**DATA FOR PROCESSING**
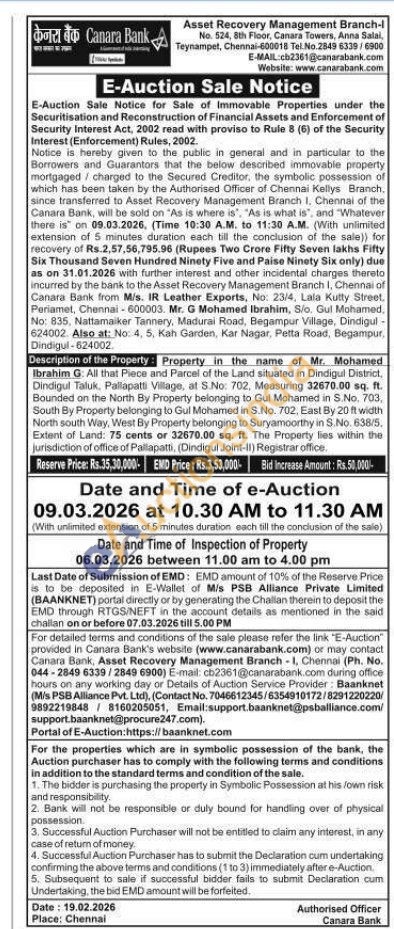 Property in the name of Mr. Mohamed Ibrahim G: All that Piece and Parcel of the Land situated in Dindigul District, Dindigul Taluk, Pallapatti Village, at S.No: 702, Measuring 32670.00 sq. ft. Bounded on the North By Property belonging to Gul Mohamed in S.No. 703, South By Property belonging to Gul Mohamed in S.No. 702, East By 20 ft width North south Way, West By Property belonging to Suryamoorthy in S.No. 638/5. Extent of Land: 75 cents or 32670.00 sq. ft. The Property lies within the jurisdiction of office of Pallapatti, (Dindigul Joint-II) Registrar office.
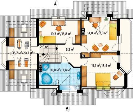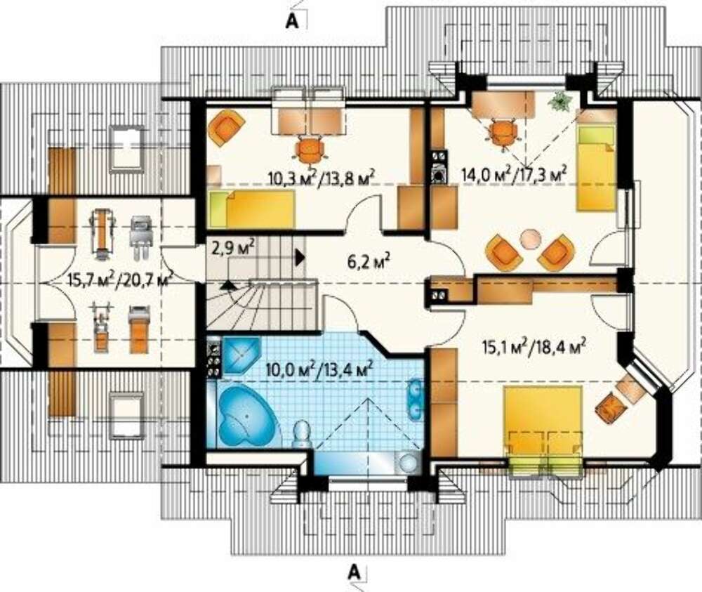 Запоминающийся проект дома с мансардой площадью до 200 m²
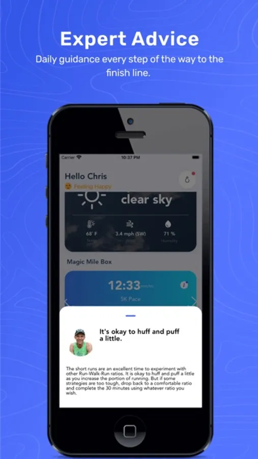 • Completely interactive. Change your workout at anytime and your coach Jeff Galloway — and your music — will respond!
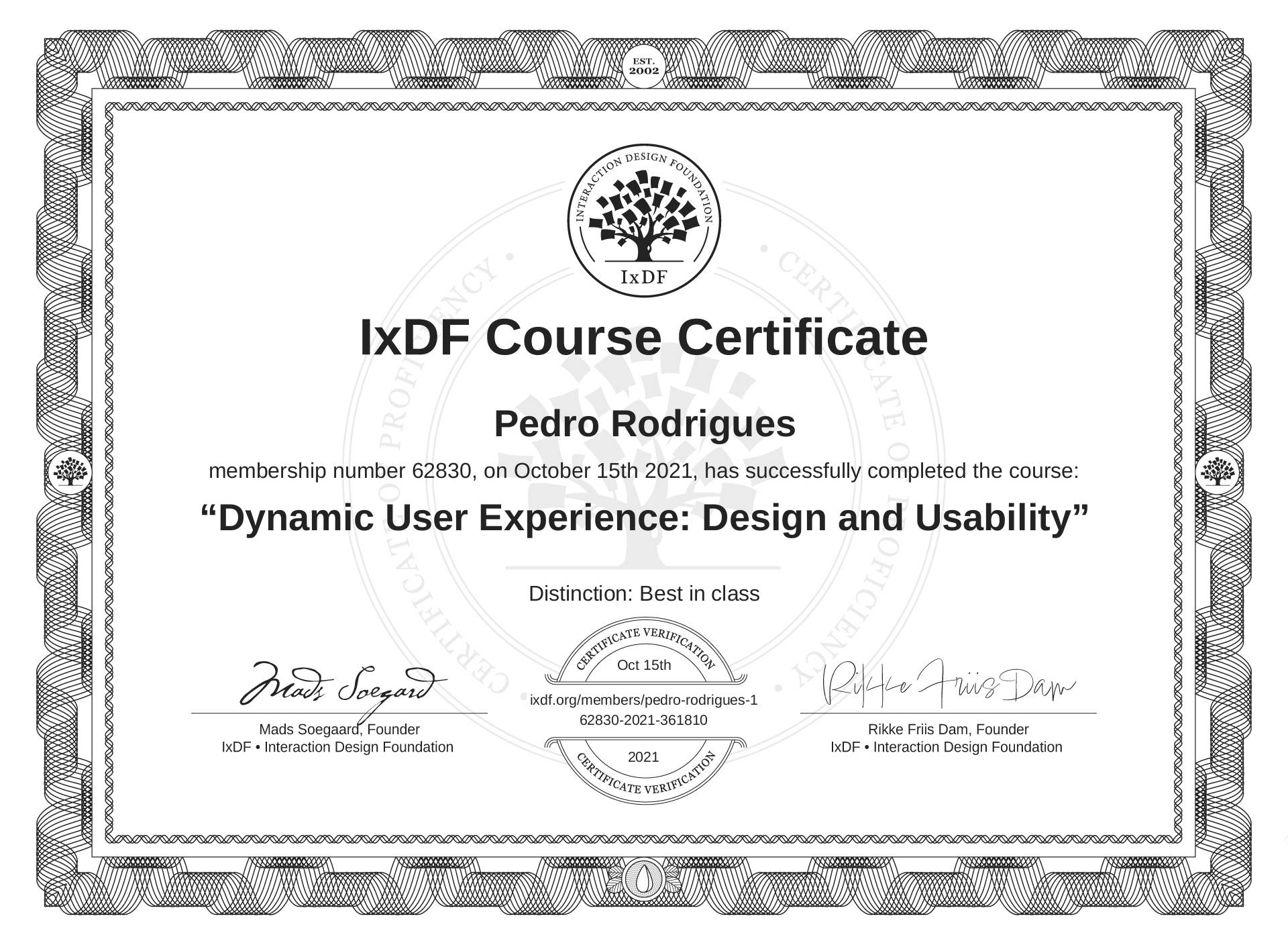 The IxDF Course Certificate (ID #22c37568-edb0-45b5-b4fc-dca784cfb1c1) above is awarded to Pedro Rodrigues with a Best in Class Distinction in formal recognition of their coursework surpassing the rigorous benchmarks of exceptional performance established by the IxDF Educational Codex. View Course Curriculum.
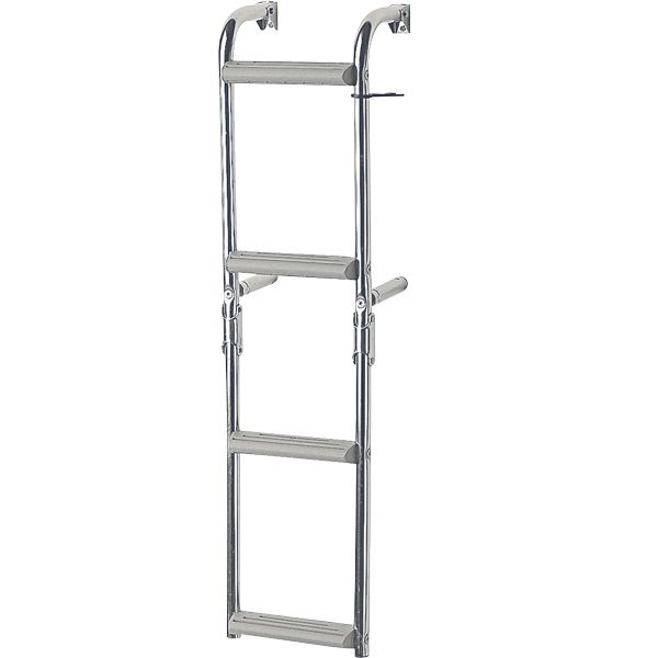 Badestiger er udført i poleret AISI 316 rustfrit stål med vippebeslag i top og justerbar fod. Trin af polypropylen. Desuden hængslet så stigen kan foldes sammen på midten.
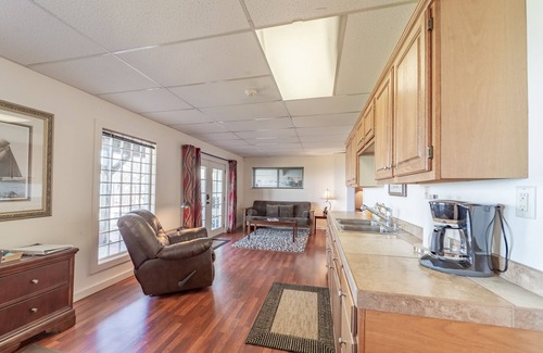 Whale Rock Suite #1 is a large suite ready to make your dreams of a fun and exciting vacation come true! Take in the amazing views of the Pacific and the beach from your expansive yard on one of the comfortable wooden chairs. There is a shared gas grill, which can be a great place to cook. The home was also recently updated to add a full kitchen with an electric stove and oven and all the essential kitchen utensils and dishware you could need.
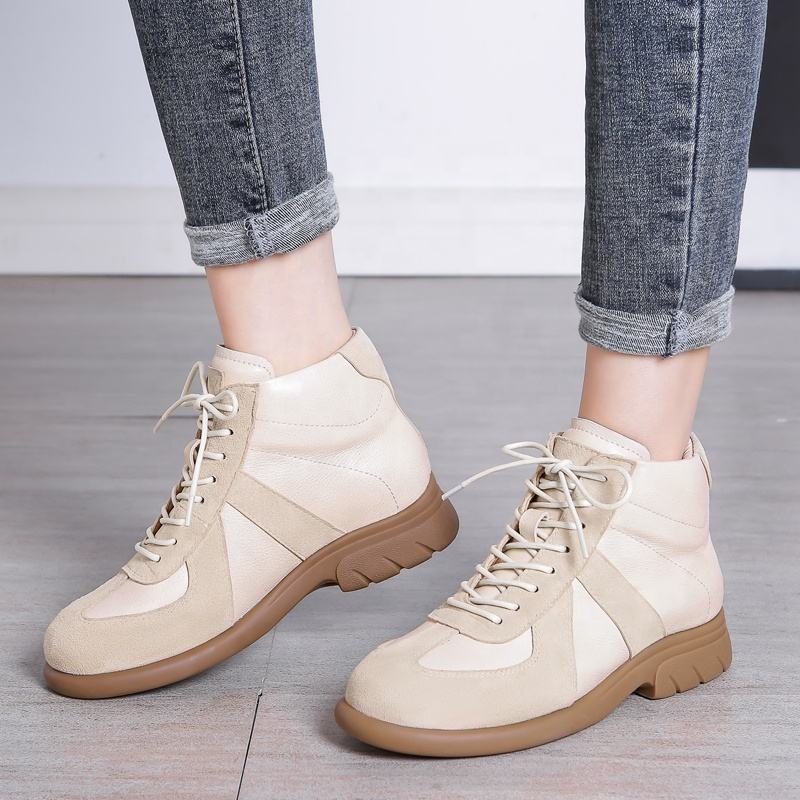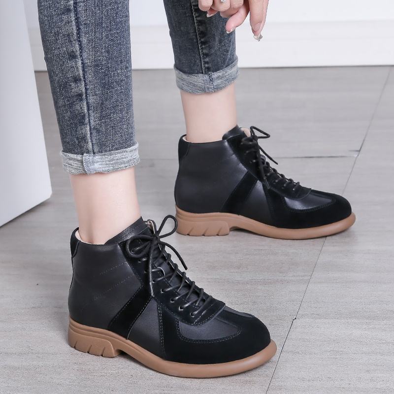 รองเท้าบูทลำลองส้นหนาหนังวัวแท้แบบผูกเชือกทรงสูงสำหรับผู้หญิงไซส์ใหญ่ ระบายอากาศได้ดี แฟชั่นฤดูใบไม้ผลิและฤดูใบไม้ร่วง
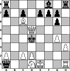 game notation in PGN-format [Event "?"] [Site "www.myChess.de"] [Date "2023.11.06"] [Round "?"] [White "pillepalle"] [Black "Achimkogge"] [ECO "D00"] [WhitemyELO "2047"] [BlackmyELO "1297"] [Result "1-0"] [TimeControl "10/1728000"] [WhiteDays "40"] [BlackDays "38"] [MyChessNo "130982"] 1. d4 d5 2. e4 dxe4 3. Nc3 Nf6 4. f3 exf3 5. Nxf3 Bg4 6. h3 Bh5 7. g4 Bg6 8. Ne5 Ne4 9. Qf3 Qxd4 10. Nxg6 hxg6 11. Be3 Qb4 12. Qxe4 Qxb2 13. Nd1 Qxa1 14. Qxb7 Kd7 15. Bb5+ Nc6 16. Bxc6+ Kd6 17. Bc5+ Kxc5 18. Qb5+ Kd4 19. Qd5# 1-0 position notation in FEN-format r4b1r/p1p1ppp1/2B3p1/3Q4/3k2P1/7P/P1PP4/q2NK2R - KQ - 3 19 Captured white pieces: Captured black pieces: Click on a captured piece in order to display the desired move!
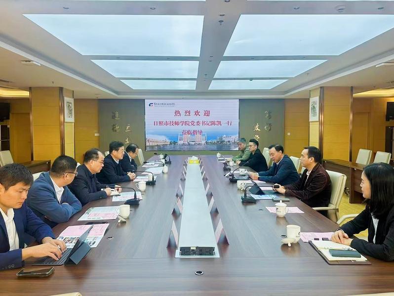 10月28日,日照市技师学院党委书记陈凯、副院长陈为军,培训处处长焦爱国,中国联通日照市分公司副总经理、党委委员周艳兵等一行7人来我校调研交流。中国联通常州市分公司副总经理、党委委员盛君携团队出席交流。我校党委书记林刚、党委委员副校长马昀、信息中心主任廖定安、副主任薛鹏飞参加会议。
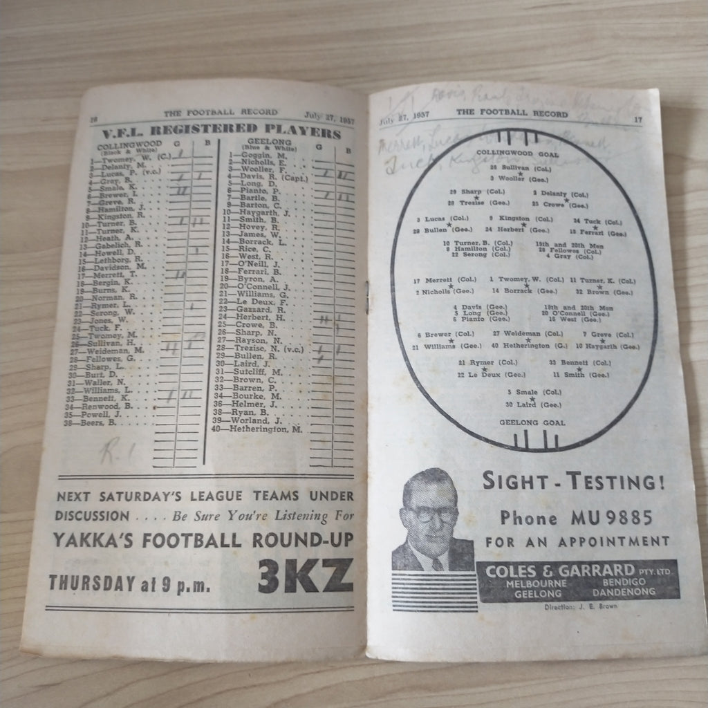 VFL 1957 July 27 Collingwood v Geelong Football Record
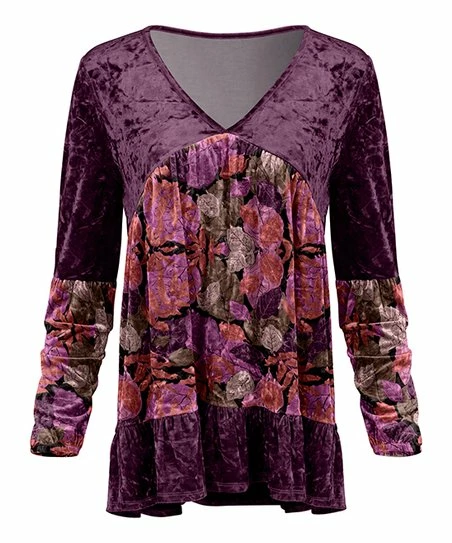 Crafted from soft velvet and starring a bold print, this lively tunic is ready for pairing with your favorite pants.
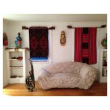| Hunt Estate Sales is happy to invite you into this Newton home. This doctor of psychology was a world traveling fashionista with an eye for funky art, furniture, furnishings, clothing and jewelry. The sale starts Friday, December 26th. Yes, the day after Christmas! The sale continues Saturday and Sunday, December 27th and 28th. Come spend your hard earned dollars and gift money on a second-hand-holiday! Not only will you find a truly unique shopping experience you will also find that your dollars will go much farther than at the (dreaded) mall. Two walk in closets packed with clothing and shoes, from vintage to new with tags. Designers include Fendi, Versace, Givenchy, Missoni and more! Walls of heels, pumps, boots, flats and moccasins. Rolling racks of Tibetan lamb jackets and vests and fine leather jackets, skirts and pants. Clothing collected from around the world. Expect to see 'made in Italy' and 'made in France' alongside embroidered Mexican tunics, Balinese dresses and authentic Native American leatherwear. Jewlery both fine and costume. Sterling belt buckle weighing almost a pound! Original art from around the world! A collection of Carlos Chavez works. This Peruvian artist has exhibited at Washington D.C.'s Museum of Modern Art of Latin America. His works are bold, vivid and linear. Although based on his interpretations of everyday life there is a certain fantastical element which can not be denied. Other artists include Paul Rahilly, Eiichi Kotozuka and "the Picasso of the Carribean" Jose Fuster. Too many to list! What you see in the pictures is only a fraction of what's available for sale. Framed handiwork from India and Indonesia. Tapestries and wall hangings too. Australian Bark Paintings. African carvings. There's even a Totem pole! From wall sized pieces to tiny pieces; there is something in this collection for everyone. Funky furniture too! Glass table with geometric wooden base, oversized upholstered chair in the style of Modern Mid Century designer Milo Baughman, asymmetrical couch, sculptural glass coffee table and other accent pieces like a carved alligator side table and an intricately carved trunk made out of a tree trunk. Housewares and kitchenware too; all, in their own rite, statement pieces. Rugs from oriental to Polish and Native American. This was truly a unique women and she spared nothing outfitting herself and her home. Come join us in some post holiday cheer! Numbers will be handed out at 8AM. Doors open at 9AM sharp. Don't hesitate to ask if you have any questions although we do not give out prices before the start of the sale. Cash and cards accepted. Happy Hunting! |
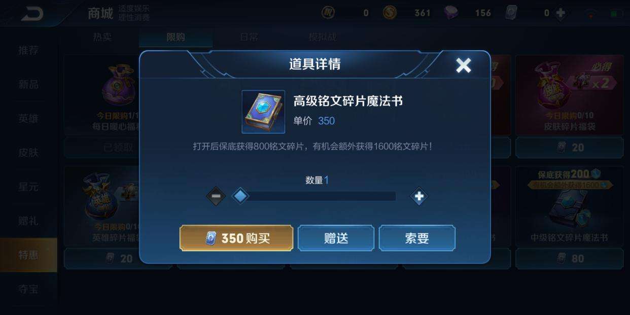 在商城中的特惠界面里的限購中,我們可以可以購買銘文碎片魔法書,一共有三種魔法書,分別為特級、高級和中級。
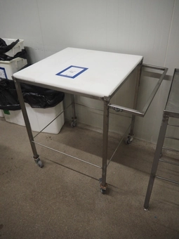 2 mobile s/s tables with plastic worktop, dimensions: (2x) 660 mm x 530 mm x 680 mm.€ 60,001 bid26/02/2026 14:50 -

**EXERCISE DESCRIPTION**
Could you set down the records above exactly, skipping any picture?

**REPLY**
 Property in the name of Mr. Mohamed Ibrahim G: All that Piece and Parcel of the Land situated in Dindigul District, Dindigul Taluk, Pallapatti Village, at S.No: 702, Measuring 32670.00 sq. ft. Bounded on the North By Property belonging to Gul Mohamed in S.No. 703, South By Property belonging to Gul Mohamed in S.No. 702, East By 20 ft width North south Way, West By Property belonging to Suryamoorthy in S.No. 638/5. Extent of Land: 75 cents or 32670.00 sq. ft. The Property lies within the jurisdiction of office of Pallapatti, (Dindigul Joint-II) Registrar office.
 Запоминающийся проект дома с мансардой площадью до 200 m²
 • Completely interactive. Change your workout at anytime and your coach Jeff Galloway — and your music — will respond!
 The IxDF Course Certificate (ID #22c37568-edb0-45b5-b4fc-dca784cfb1c1) above is awarded to Pedro Rodrigues with a Best in Class Distinction in formal recognition of their coursework surpassing the rigorous benchmarks of exceptional performance established by the IxDF Educational Codex. View Course Curriculum.
 Badestiger er udført i poleret AISI 316 rustfrit stål med vippebeslag i top og justerbar fod. Trin af polypropylen. Desuden hængslet så stigen kan foldes sammen på midten.
 Whale Rock Suite #1 is a large suite ready to make your dreams of a fun and exciting vacation come true! Take in the amazing views of the Pacific and the beach from your expansive yard on one of the comfortable wooden chairs. There is a shared gas grill, which can be a great place to cook. The home was also recently updated to add a full kitchen with an electric stove and oven and all the essential kitchen utensils and dishware you could need.
 รองเท้าบูทลำลองส้นหนาหนังวัวแท้แบบผูกเชือกทรงสูงสำหรับผู้หญิงไซส์ใหญ่ ระบายอากาศได้ดี แฟชั่นฤดูใบไม้ผลิและฤดูใบไม้ร่วง
 game notation in PGN-format [Event "?"] [Site "www.myChess.de"] [Date "2023.11.06"] [Round "?"] [White "pillepalle"] [Black "Achimkogge"] [ECO "D00"] [WhitemyELO "2047"] [BlackmyELO "1297"] [Result "1-0"] [TimeControl "10/1728000"] [WhiteDays "40"] [BlackDays "38"] [MyChessNo "130982"] 1. d4 d5 2. e4 dxe4 3. Nc3 Nf6 4. f3 exf3 5. Nxf3 Bg4 6. h3 Bh5 7. g4 Bg6 8. Ne5 Ne4 9. Qf3 Qxd4 10. Nxg6 hxg6 11. Be3 Qb4 12. Qxe4 Qxb2 13. Nd1 Qxa1 14. Qxb7 Kd7 15. Bb5+ Nc6 16. Bxc6+ Kd6 17. Bc5+ Kxc5 18. Qb5+ Kd4 19. Qd5# 1-0 position notation in FEN-format r4b1r/p1p1ppp1/2B3p1/3Q4/3k2P1/7P/P1PP4/q2NK2R - KQ - 3 19 Captured white pieces: Captured black pieces: Click on a captured piece in order to display the desired move!
 10月28日,日照市技师学院党委书记陈凯、副院长陈为军,培训处处长焦爱国,中国联通日照市分公司副总经理、党委委员周艳兵等一行7人来我校调研交流。中国联通常州市分公司副总经理、党委委员盛君携团队出席交流。我校党委书记林刚、党委委员副校长马昀、信息中心主任廖定安、副主任薛鹏飞参加会议。
 VFL 1957 July 27 Collingwood v Geelong Football Record
 Crafted from soft velvet and starring a bold print, this lively tunic is ready for pairing with your favorite pants.
| Hunt Estate Sales is happy to invite you into this Newton home. This doctor of psychology was a world traveling fashionista with an eye for funky art, furniture, furnishings, clothing and jewelry. The sale starts Friday, December 26th. Yes, the day after Christmas! The sale continues Saturday and Sunday, December 27th and 28th. Come spend your hard earned dollars and gift money on a second-hand-holiday! Not only will you find a truly unique shopping experience you will also find that your dollars will go much farther than at the (dreaded) mall. Two walk in closets packed with clothing and shoes, from vintage to new with tags. Designers include Fendi, Versace, Givenchy, Missoni and more! Walls of heels, pumps, boots, flats and moccasins. Rolling racks of Tibetan lamb jackets and vests and fine leather jackets, skirts and pants. Clothing collected from around the world. Expect to see 'made in Italy' and 'made in France' alongside embroidered Mexican tunics, Balinese dresses and authentic Native American leatherwear. Jewlery both fine and costume. Sterling belt buckle weighing almost a pound! Original art from around the world! A collection of Carlos Chavez works. This Peruvian artist has exhibited at Washington D.C.'s Museum of Modern Art of Latin America. His works are bold, vivid and linear. Although based on his interpretations of everyday life there is a certain fantastical element which can not be denied. Other artists include Paul Rahilly, Eiichi Kotozuka and "the Picasso of the Carribean" Jose Fuster. Too many to list! What you see in the pictures is only a fraction of what's available for sale. Framed handiwork from India and Indonesia. Tapestries and wall hangings too. Australian Bark Paintings. African carvings. There's even a Totem pole! From wall sized pieces to tiny pieces; there is something in this collection for everyone. Funky furniture too! Glass table with geometric wooden base, oversized upholstered chair in the style of Modern Mid Century designer Milo Baughman, asymmetrical couch, sculptural glass coffee table and other accent pieces like a carved alligator side table and an intricately carved trunk made out of a tree trunk. Housewares and kitchenware too; all, in their own rite, statement pieces. Rugs from oriental to Polish and Native American. This was truly a unique women and she spared nothing outfitting herself and her home. Come join us in some post holiday cheer! Numbers will be handed out at 8AM. Doors open at 9AM sharp. Don't hesitate to ask if you have any questions although we do not give out prices before the start of the sale. Cash and cards accepted. Happy Hunting! |
 在商城中的特惠界面里的限購中,我們可以可以購買銘文碎片魔法書,一共有三種魔法書,分別為特級、高級和中級。
 2 mobile s/s tables with plastic worktop, dimensions: (2x) 660 mm x 530 mm x 680 mm.€ 60,001 bid26/02/2026 14:50 -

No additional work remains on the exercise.